GÖSAŞ ekolünün altın çocukları

PSM ÖZEL HABERİ / ABDULLAH ÇETİN

Sektör için iddialı konuşamam ama Garanti Ödeme Sistemleri ya da daha yaygın kullanımıyla GÖSAŞ için “ekol” kavramını basında ilk kez biz kullandık. GÖSAŞ Genel Müdürü ve CEO’su Çağrı Süzer ile geçen aylarda yaptığımız görüşmede, “ekol” olarak görülmelerini memnuniyet ve gurur verici olarak nitelendirmişti.

Süzer de dahil olmak üzere GÖSAŞ’ın ödeme sistemlerinde bir ekol olmasında gelmiş geçmiş tüm yönetici ve çalışanlarının emeği yadsınamaz.

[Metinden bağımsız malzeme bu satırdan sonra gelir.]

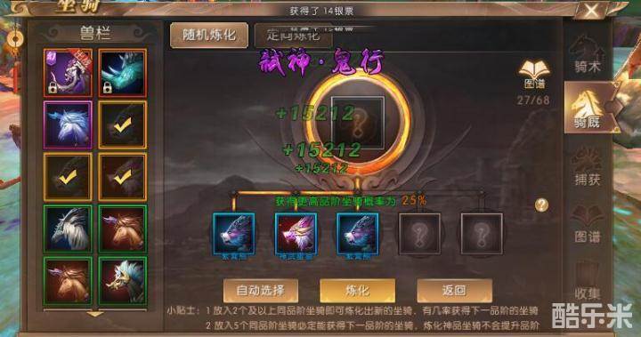 坐骑炼化必须放入同一品阶的坐骑,每次放入两只以上的坐骑就会有几率炼化出新的坐骑,不过如果没有炼化成功就会扣除两只坐骑,所以大家在炼化低阶坐骑的时候随便放置都不会影响太大,如果在炼化高阶坐骑的时候建议还是放满五只再炼化保证炼化成功,不然万一升阶失败就亏大了。通过炼化坐骑和坐骑捕捉,获得圣品坐骑还是不太困难的。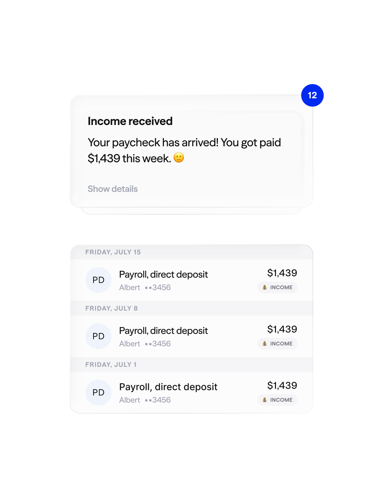Transfer funds instantly between your Albert accounts, send and receive checks, and manage your debit card in the app.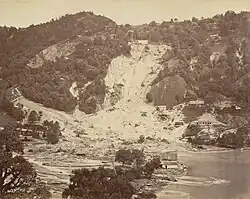 Landslides are a frequent occurrence in the hill slopes surrounding the lake, which are steep. The slopes are highly vulnerable to landslides and mass movement due to various geological and human factors. The first known landslip occurred in Nainital in 1866 on Alma hill, and in 1879 there was a larger one at the same spot. The greatest landslide in Nainital occurred on 18 September 1880, on the slope which rising from the north of the flats ends at Alma peak, and resulted in 151 people being buried under the debris.[22] Another heavy landslip occurred on 17 August 1898 outside the Nainital valley.[23]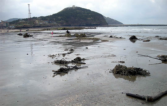 이날 수거된 폐기물 등은 3~4t 분량에 달하나 이마저도 곧바로 치워지지 못하고 해안에 임시적치돼 수일간 흉물스런 모습을 드러냈다.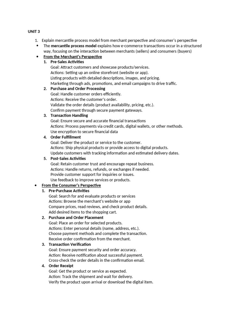 1. Explain mercantile process model from merchant perspective and consumer's perspective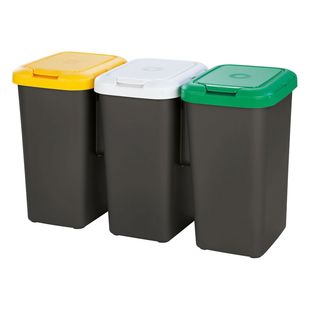 Il Tontarelli Trio è composto da tre contenitori distinti, ognuno dotato di anello interno ferma sacchetto e coperchio con chiusura a scatto, che garantiscono igiene, praticità e facilità d’uso. I diversi colori dei coperchi (generalmente giallo, verde e grigio) aiutano a identificare immediatamente il tipo di rifiuto da inserire – perfetto per separare plastica, carta, umido o indifferenziato in modo intuitivo e veloce.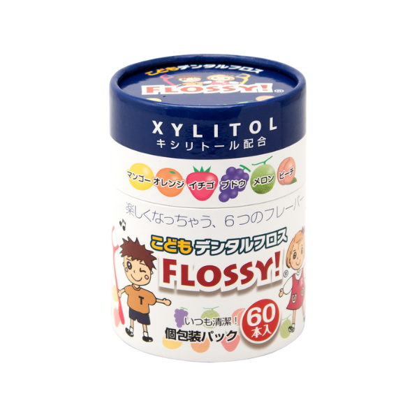 カラフルなハンドルといろいろなフルーツ味(マンゴー、オレンジ、イチゴ、ブドウ、メロン、ピーチの6種類)で、いつのまにか習慣になり、楽しみながらフロッシングできます。子どもの小さなお口に合わせたミニサイズで、細かくて丈夫なポリエチレン糸を使用しています。キシリトール配合でスッキリさわやかです。

Ama bir kişi var ki onun yeri apayrı…

Evet, aynı zamanda GÖSAŞ markasının isim babası da olan Mehmet Sezgin’den bahsediyoruz. Sezgin’in sadece Türkiye değil dünya çapında bir ödeme sistemleri duayeni olduğu da artık herkesi kabulü…

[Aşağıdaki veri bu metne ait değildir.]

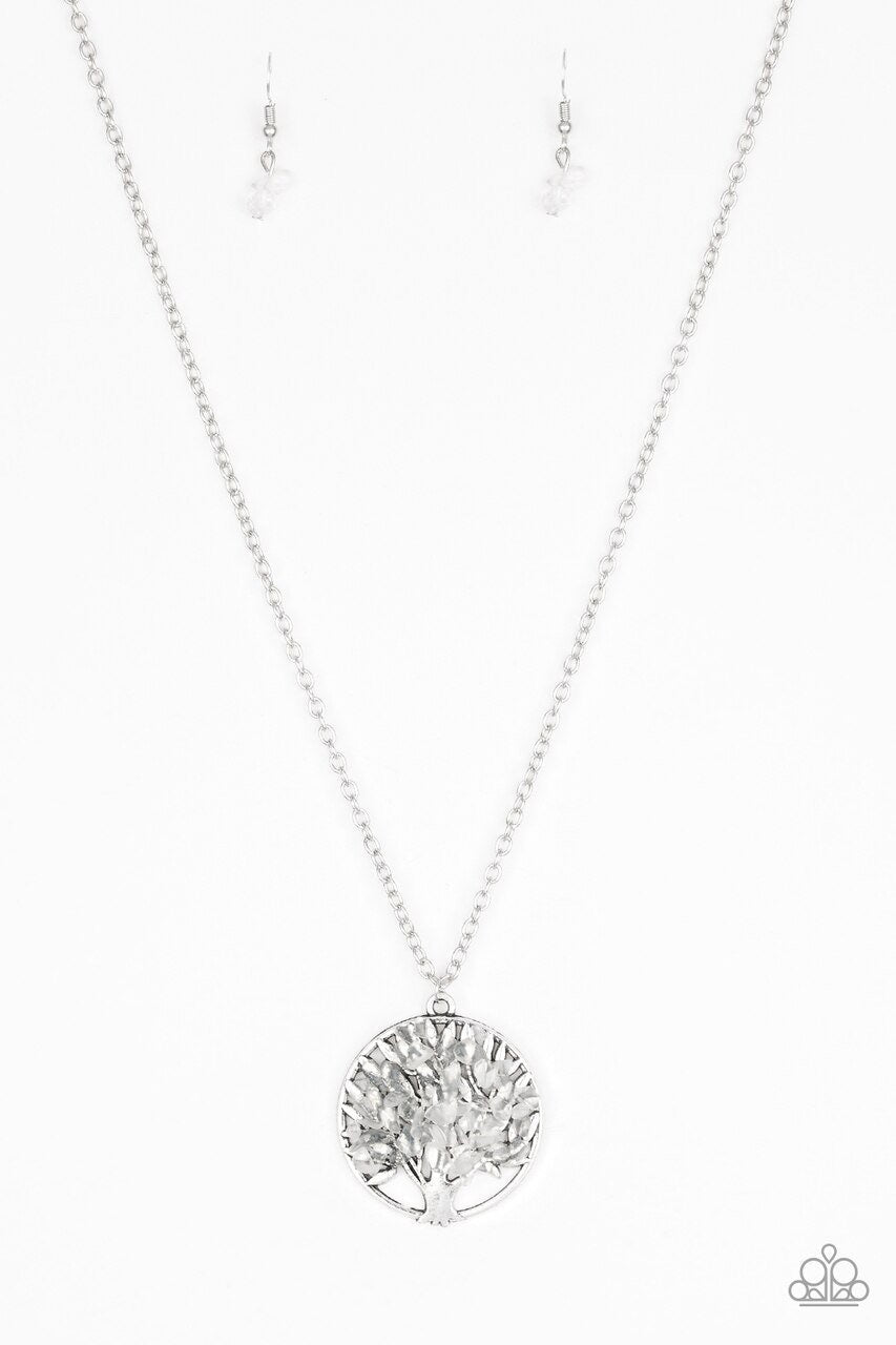 Bits of white rock are sprinkled along a shimmery silver tree pendant, creating colorful leaves. Features an adjustable clasp closure.

GÖSAŞ’ı ekol yapan ise kuşkusuz oradan “mezun” olanların başta ödeme sistemleri olmak üzere FinTek alanında imza attığı başarılı işler, girişimler… Mehmet Sezgin’in hâlâ “çocuklarım” diye hitap ettiği ve başarılarıyla her fırsatta onur ve gurur duyduğu bu isimlerin sayısı o kadar çok ki…

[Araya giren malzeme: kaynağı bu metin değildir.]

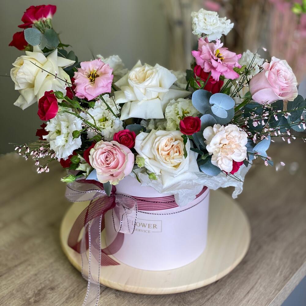 Коробка из кустовых и одноголосых ро, эустомы, эвкалипта, генисты и диантуса!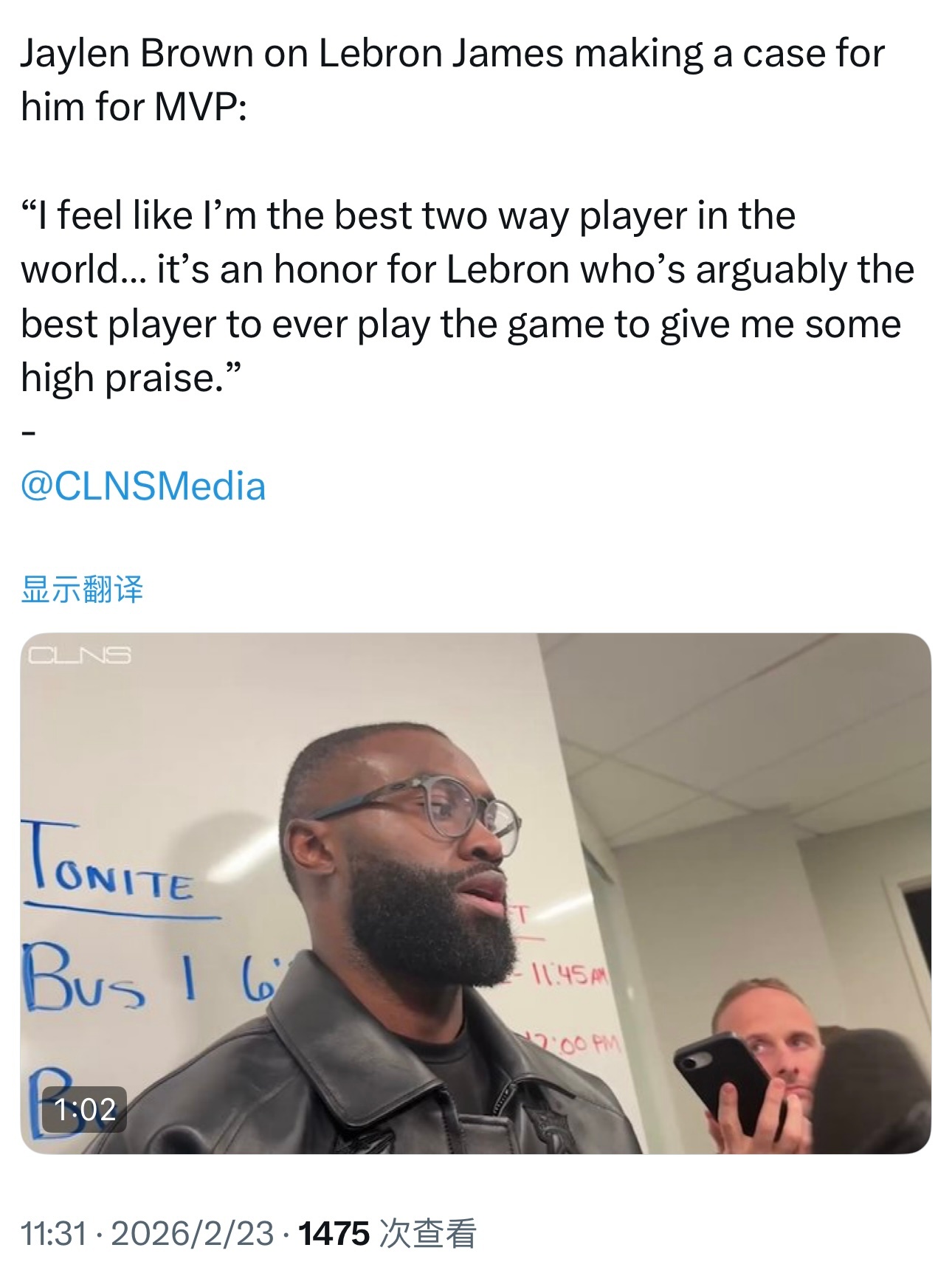 杰伦·布朗在谈及詹姆斯为他争取MVP时表示:

Mehmet Sezgin ve “öğrencilerini” buluşturup GÖSAŞ kültürünün, GÖSAŞ ekolünün nasıl ortaya çıktığını konuşma fikri uzun süredir aklımızdaydı. Nihayet online ortamda da olsa onu ve 7 öğrencisini bir araya getirme fırsatını bulabildik.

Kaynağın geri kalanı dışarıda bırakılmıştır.